Я дней, закорчившихся от пощечин,
срываю нынче ответы в небе!
1916
[...]
Не за силу, не за качество
золотых твоих волос
сердце враз однажды начисто
от других оторвалось.
Я тебя запомнил докрепка,
ту, что много лет назад
без упрека и без окрика
загляделась мне в глаза.
Я люблю тебя, ту самую,—
все нежней и все тесней,—
что, назвавшись мне Оксаною,
шла ветрами по весне.
Ту, что шла со мной и мучилась,
шла и радовалась дням
в те года, как вьюга вьючила
груз снегов на плечи нам.
В том краю, где сизой заметью
песня с губ летит, скользя,
где нельзя любить без памяти
и запеть о том нельзя.
Где весна, схватившись за ворот,
от тоски такой устав,
хочет в землю лечь у явора,
у ракитова куста.
Нет, не сила и не качество
молодых твоих волос,
ты — всему была заказчица,
что в строке отозвалось.
1926
[...]
Краматорский завод! Заглуши мою гулкую тишь.

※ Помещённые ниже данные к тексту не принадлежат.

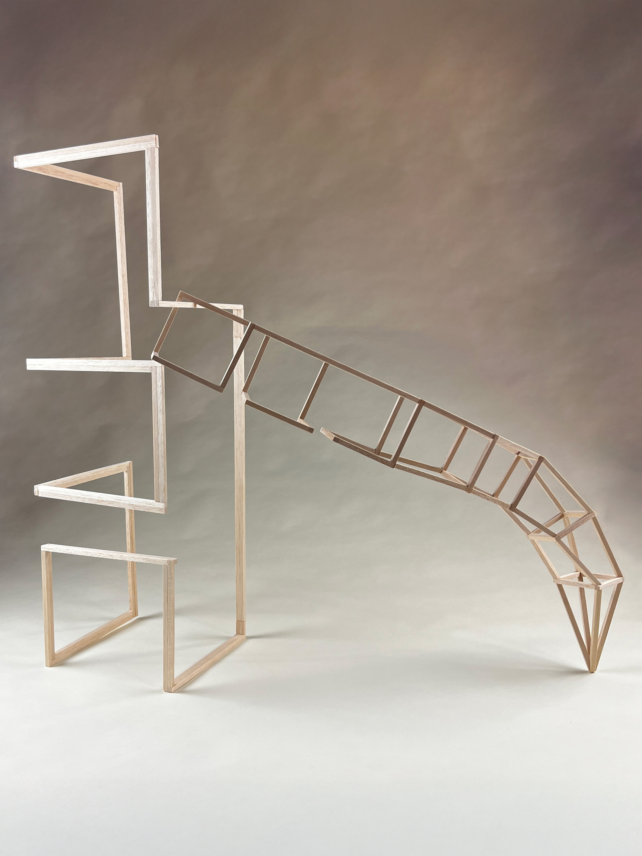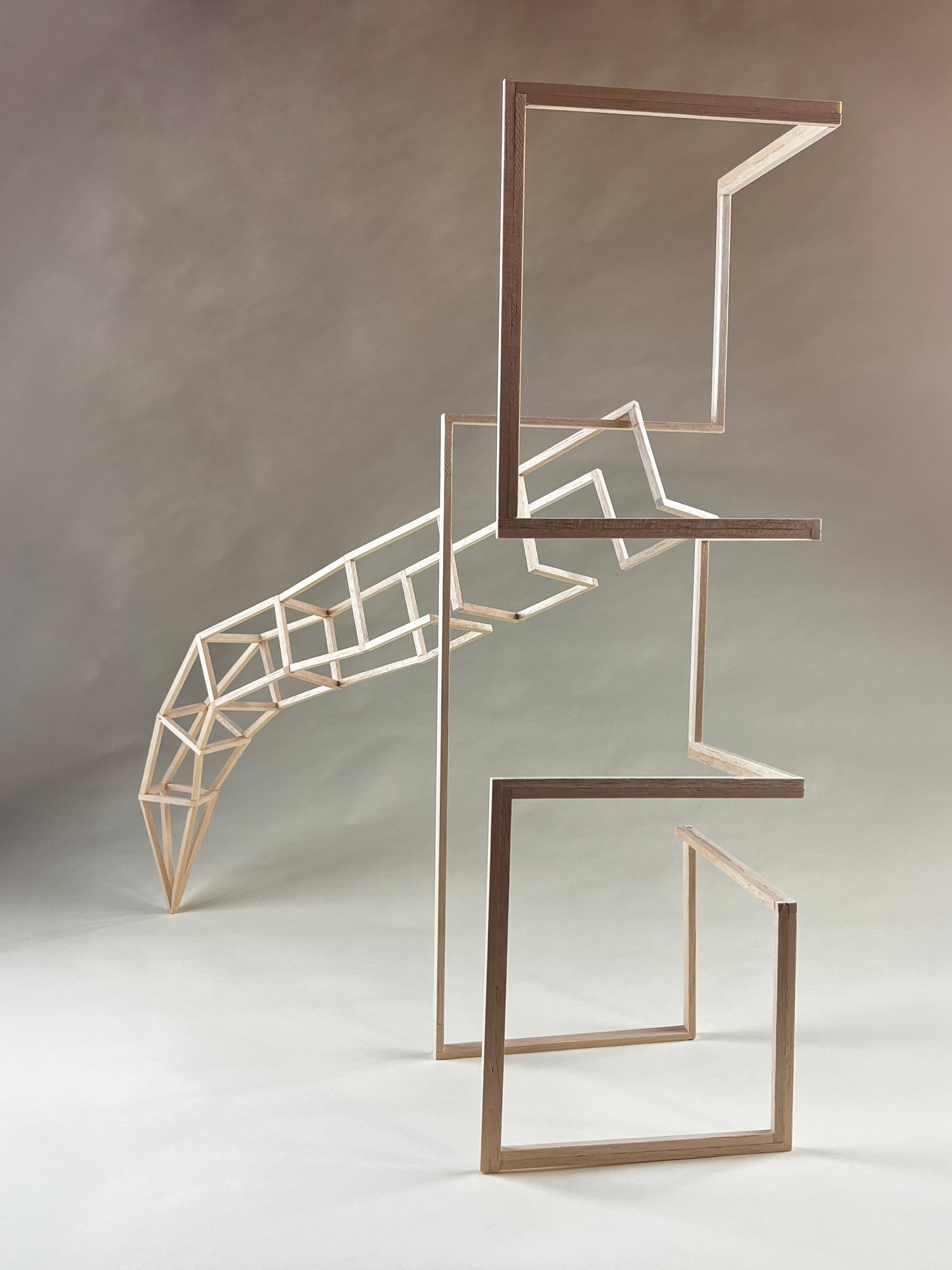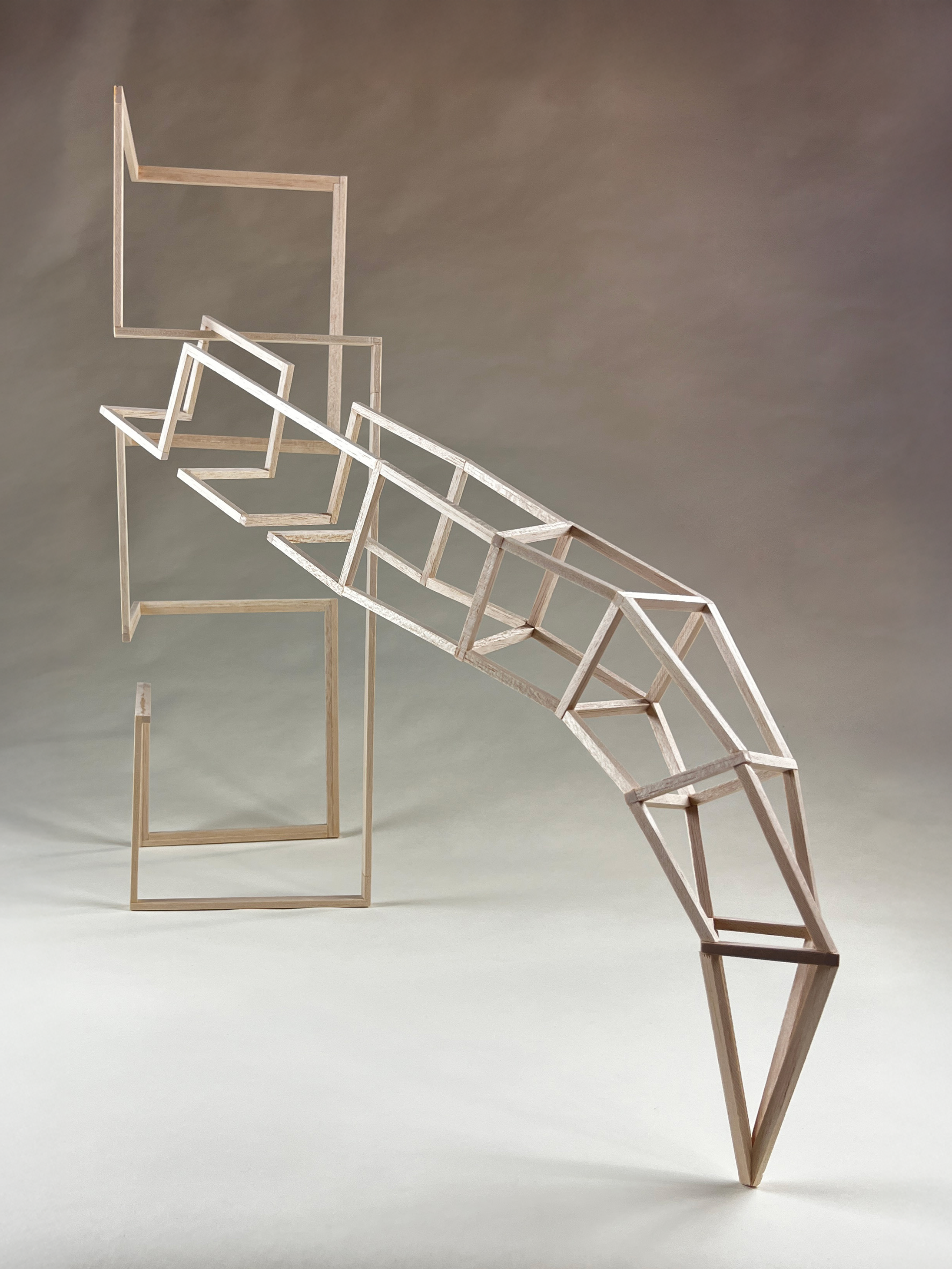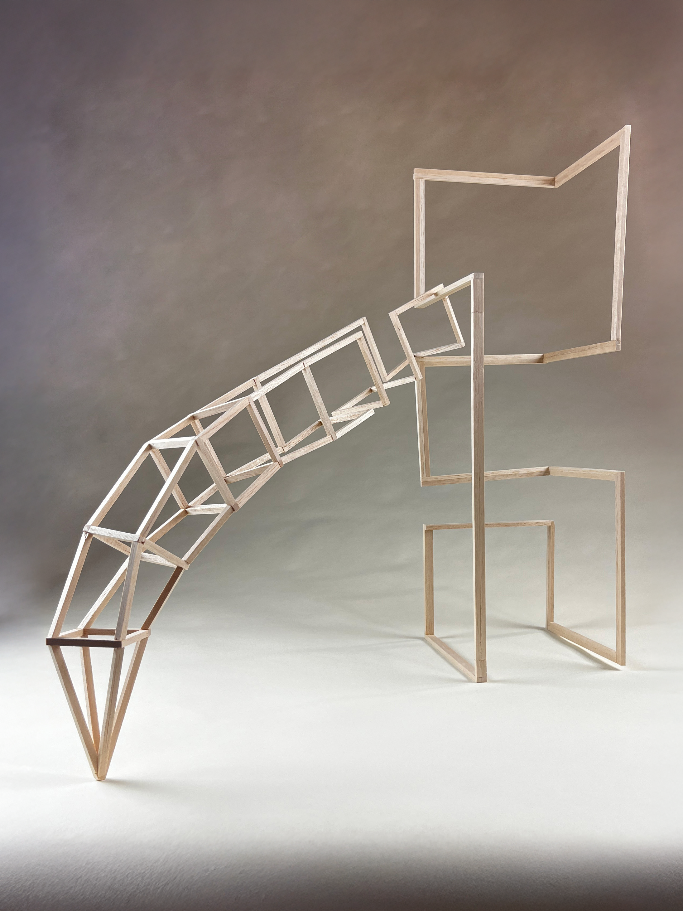 In this course, students were tasked with creating 3D objects using solids and lines. Each structure was required to be distinct from every angle, ensuring a drastically different appearance when viewed from various perspectives. Additionally, the designs needed to capture visual interest. Throughout the semester, the coursework emphasized key design elements such as tabletop interaction, edge interaction, scale, angle, and alignment to bring these concepts to life.

Пережги мою боль. Помоги моему неуспеху.
Я читал про тебя и светлел — как ты стройно блестишь,
как ты гордо зеркалишься сталью от цеха по цеху.
Это странно, быть может, что я призываю тебя.
Представляю твой рост — и мороз подирает по коже.
Только ты целиком — увлекая, стыдя, теребя,-
и никто из людей эту тяжесть свалить не поможет.
Говорят, ты железные можешь чеканить сердца
и огромного веса умеешь готовить детали.
Ты берешь эту прорву осеннего будня-сырца,
чтоб из домен твоих — закаленные дни вылетали.
Вдунь мне в уши приказ. Огневою рудой отбелей,
чтоб пошла в переплав полоса эта жизни плохая,
чтоб и я, как рабочий, присев в полосе тополей,
молодел за тебя, любовался тобой, отдыхая.
Говорят, и у Круппа — твоим уступают станки,
и у Шнейдер-Крезо — не видали таких агрегатов.
Но и чувства бывают настолько сложны и тонки,
что освоить их сможет никто — как сквозная бригада.
Человеческий голос негромок, хоть он на краю,
и бывает: все самые тонкие доводы — грубы.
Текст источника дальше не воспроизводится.